Войти
Очистка белка - это серия процессов, предназначенных для выделения одного или нескольких белков из комплекса смесь, обычно клеток, тканей или целых организмов. Очистка белка жизненно важна для характеристики функции, структуры и взаимодействия интересующего белка. В процессе очистки можно отделить белковые и небелковые части смеси и, наконец, отделить желаемый белок от всех других белков. Отделение одного белка от всех остальных обычно является наиболее трудоемким аспектом очистки белка. На этапах разделения обычно используются различия в размере белков, физико-химических свойствах, аффинности связывания и биологической активности. Чистый результат может быть назван изолятом белка .
Очистка белков бывает препаративной или аналитической. Препаративная очистка направлена на получение относительно большого количества очищенных белков для последующего использования. Примеры включают приготовление коммерческих продуктов, таких как ферменты (например, лактаза ), пищевые белки (например, соевый белок изолят) и некоторые биофармацевтические препараты (например, инсулин ). Для удаления побочных продуктов, таких как белки клетки-хозяина, часто используются несколько этапов препаративной очистки, которые представляют собой потенциальную угрозу для здоровья пациента. Аналитическая очистка производит относительно небольшое количество белок для различных исследовательских или аналитических целей, включая идентификацию, количественную оценку и изучение структуры, посттрансляционных модификаций и функций белка. Пепсин и уреаза были первыми белками, очищенными до такой степени, что они могли кристаллизоваться.
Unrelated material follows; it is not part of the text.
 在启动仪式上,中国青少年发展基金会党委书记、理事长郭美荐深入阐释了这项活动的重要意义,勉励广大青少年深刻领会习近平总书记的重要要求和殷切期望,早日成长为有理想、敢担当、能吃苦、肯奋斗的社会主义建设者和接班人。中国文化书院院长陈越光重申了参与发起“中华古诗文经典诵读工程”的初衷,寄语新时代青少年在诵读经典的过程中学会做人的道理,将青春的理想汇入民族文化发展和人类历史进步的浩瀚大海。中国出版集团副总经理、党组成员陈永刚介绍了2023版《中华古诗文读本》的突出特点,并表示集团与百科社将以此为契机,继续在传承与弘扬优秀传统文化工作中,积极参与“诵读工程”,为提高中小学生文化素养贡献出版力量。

Рекомбинантные бактерии можно выращивать в колбе, содержащей питательную среду. Если интересующий белок не секретируется организмом в окружающий раствор, первой стадией каждого процесса очистки является разрушение клеток, содержащих белок. В зависимости от того, насколько хрупок белок и насколько стабильны клетки, можно, например, использовать один из следующих методов: i) многократное замораживание и оттаивание, ii) обработка ультразвуком, iii) гомогенизация под высоким давлением. (French Press ), iv) гомогенизация путем измельчения (бисерная мельница) и v) проницаемость детергентами (например, Triton X-100 ) и / или ферментами (например, лизоцимом ). Наконец, остатки клеток можно удалить центрифугированием, чтобы белки и другие растворимые соединения оставались в супернатанте.
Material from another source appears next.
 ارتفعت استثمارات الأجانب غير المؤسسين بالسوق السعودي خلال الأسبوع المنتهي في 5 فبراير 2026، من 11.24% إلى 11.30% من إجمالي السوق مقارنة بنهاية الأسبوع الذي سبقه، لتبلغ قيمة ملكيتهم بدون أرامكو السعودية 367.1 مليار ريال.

Также протеазы высвобождаются во время клеточного лизиса, который начинает переваривать белки в растворе. Если интересующий белок чувствителен к протеолизу, рекомендуется действовать быстро и держать экстракт охлажденным, чтобы замедлить переваривание. Альтернативно, один или несколько ингибиторов протеаз можно добавить в буфер для лизиса непосредственно перед разрушением клеток. Иногда также необходимо добавить ДНКазу, чтобы снизить вязкость клеточного лизата, вызванную высоким содержанием ДНК.
При объемной очистке белков обычной первой стадией выделения белков является осаждение с помощью сульфата аммония (NH 4)2SO4. Это выполняется путем добавления увеличивающихся количеств сульфата аммония и сбора различных фракций осажденного белка. Впоследствии сульфат аммония может быть удален с помощью диализа. На стадии осаждения сульфатом аммония гидрофобные группы, присутствующие в белках, отключаются. подвергается воздействию атмосферы, привлекая другие гидрофобные группы; в результате образуется агрегат гидрофобных компонентов. В этом случае осадок белка обычно виден невооруженным глазом . Одним из преимуществ этого метода является то, что это можно сделать недорого, даже при очень больших объемах.
Первыми очищаемыми белками являются водорастворимые белки. Для очистки интегральных мембранных белков требуется разрушение клеточной мембраны в порядке чтобы изолировать один конкретный белок от других, находящихся в том же мембранном отсеке. Иногда конкретная мембранная фракция может быть выделена первой, например, выделение митохондрий из клеток перед очисткой белка, расположенного в митохондриальной мембране. детергент, такой как додецилсульфат натрия (SDS), можно использовать для растворения клеточных мембран и удержания мембранных белков в растворе во время очистки; однако, поскольку SDS вызывает денатурацию, можно использовать более мягкие детергенты, такие как Triton X-100 или CHAPS, для сохранения нативной конформации белка во время полной очистки.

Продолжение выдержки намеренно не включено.